RECORDS FOR THIS EXERCISE =
---+---

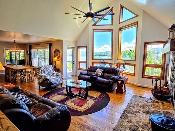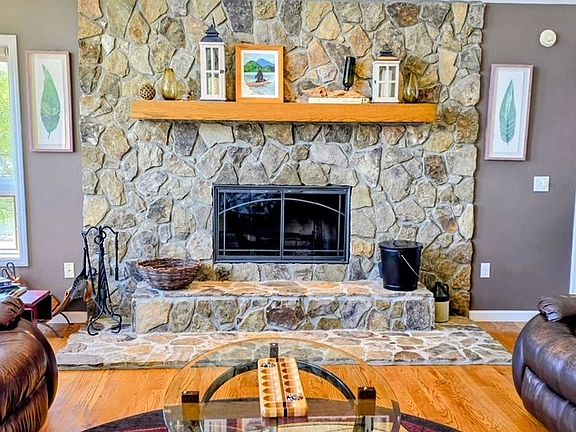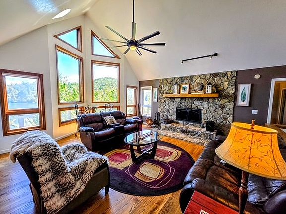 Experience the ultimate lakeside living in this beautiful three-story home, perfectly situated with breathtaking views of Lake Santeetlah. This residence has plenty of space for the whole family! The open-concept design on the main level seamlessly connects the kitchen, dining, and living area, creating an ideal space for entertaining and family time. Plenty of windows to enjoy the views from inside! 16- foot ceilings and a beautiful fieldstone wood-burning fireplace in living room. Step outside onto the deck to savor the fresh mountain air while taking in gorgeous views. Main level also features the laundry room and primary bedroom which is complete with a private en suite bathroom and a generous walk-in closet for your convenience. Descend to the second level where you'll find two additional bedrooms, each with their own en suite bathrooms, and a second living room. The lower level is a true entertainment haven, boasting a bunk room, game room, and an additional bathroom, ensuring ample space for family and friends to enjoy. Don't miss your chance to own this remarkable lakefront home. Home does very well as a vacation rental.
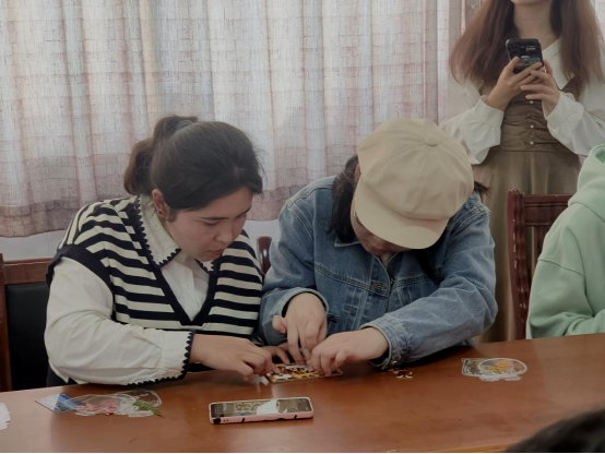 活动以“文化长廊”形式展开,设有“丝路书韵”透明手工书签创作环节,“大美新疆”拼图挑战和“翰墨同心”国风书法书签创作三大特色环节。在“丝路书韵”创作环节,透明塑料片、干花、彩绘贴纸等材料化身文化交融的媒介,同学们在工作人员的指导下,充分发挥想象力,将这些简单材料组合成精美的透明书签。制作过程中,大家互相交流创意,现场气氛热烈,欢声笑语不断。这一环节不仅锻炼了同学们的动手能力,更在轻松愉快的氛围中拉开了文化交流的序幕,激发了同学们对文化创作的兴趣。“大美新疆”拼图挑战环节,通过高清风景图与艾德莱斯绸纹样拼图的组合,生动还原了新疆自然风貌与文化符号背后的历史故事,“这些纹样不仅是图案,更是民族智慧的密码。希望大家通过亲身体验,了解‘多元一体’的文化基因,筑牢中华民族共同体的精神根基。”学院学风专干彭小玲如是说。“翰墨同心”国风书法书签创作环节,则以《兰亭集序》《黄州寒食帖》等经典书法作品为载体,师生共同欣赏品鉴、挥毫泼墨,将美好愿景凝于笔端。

---+---

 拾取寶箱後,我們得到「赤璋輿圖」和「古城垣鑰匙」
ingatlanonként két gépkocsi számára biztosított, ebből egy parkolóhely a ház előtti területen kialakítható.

---+---

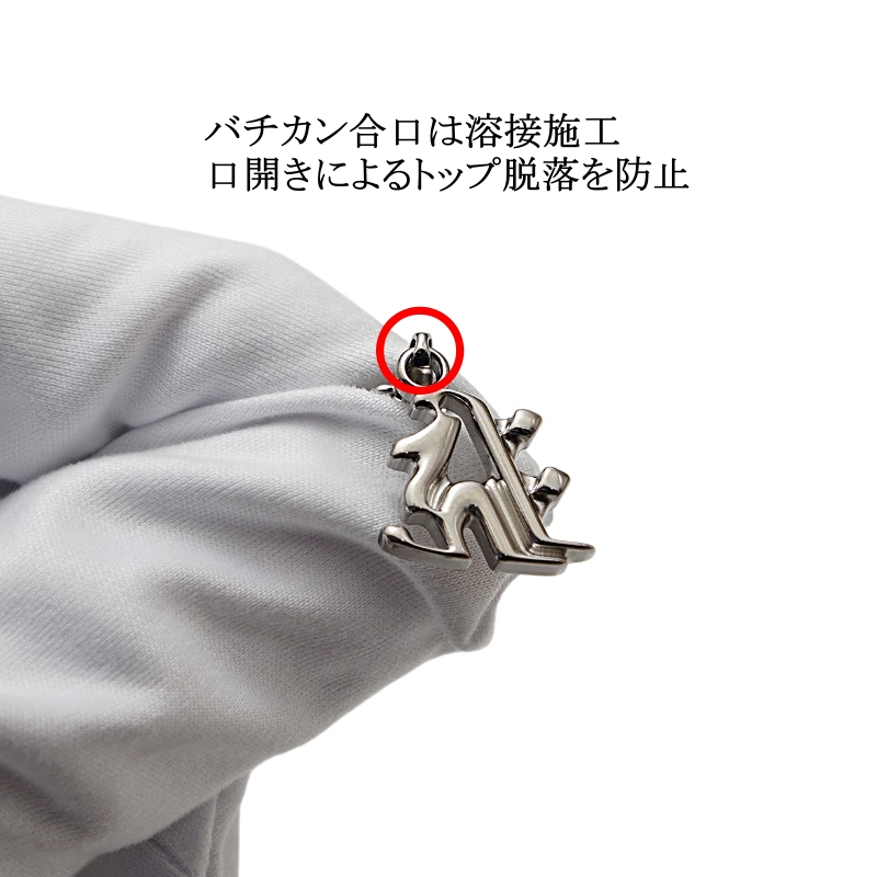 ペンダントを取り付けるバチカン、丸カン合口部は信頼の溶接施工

---+---

EXERCISE DIRECTIONS = After locating the line holding "拾取寶箱後,我們得到「赤璋輿圖」和「古城垣鑰匙」" above, output exactly that line and every line after it through the line holding "ingatlanonként két gépkocsi". Include nothing else.

RESPONSE FOR THIS EXERCISE =
 拾取寶箱後,我們得到「赤璋輿圖」和「古城垣鑰匙」
ingatlanonként két gépkocsi számára biztosított, ebből egy parkolóhely a ház előtti területen kialakítható.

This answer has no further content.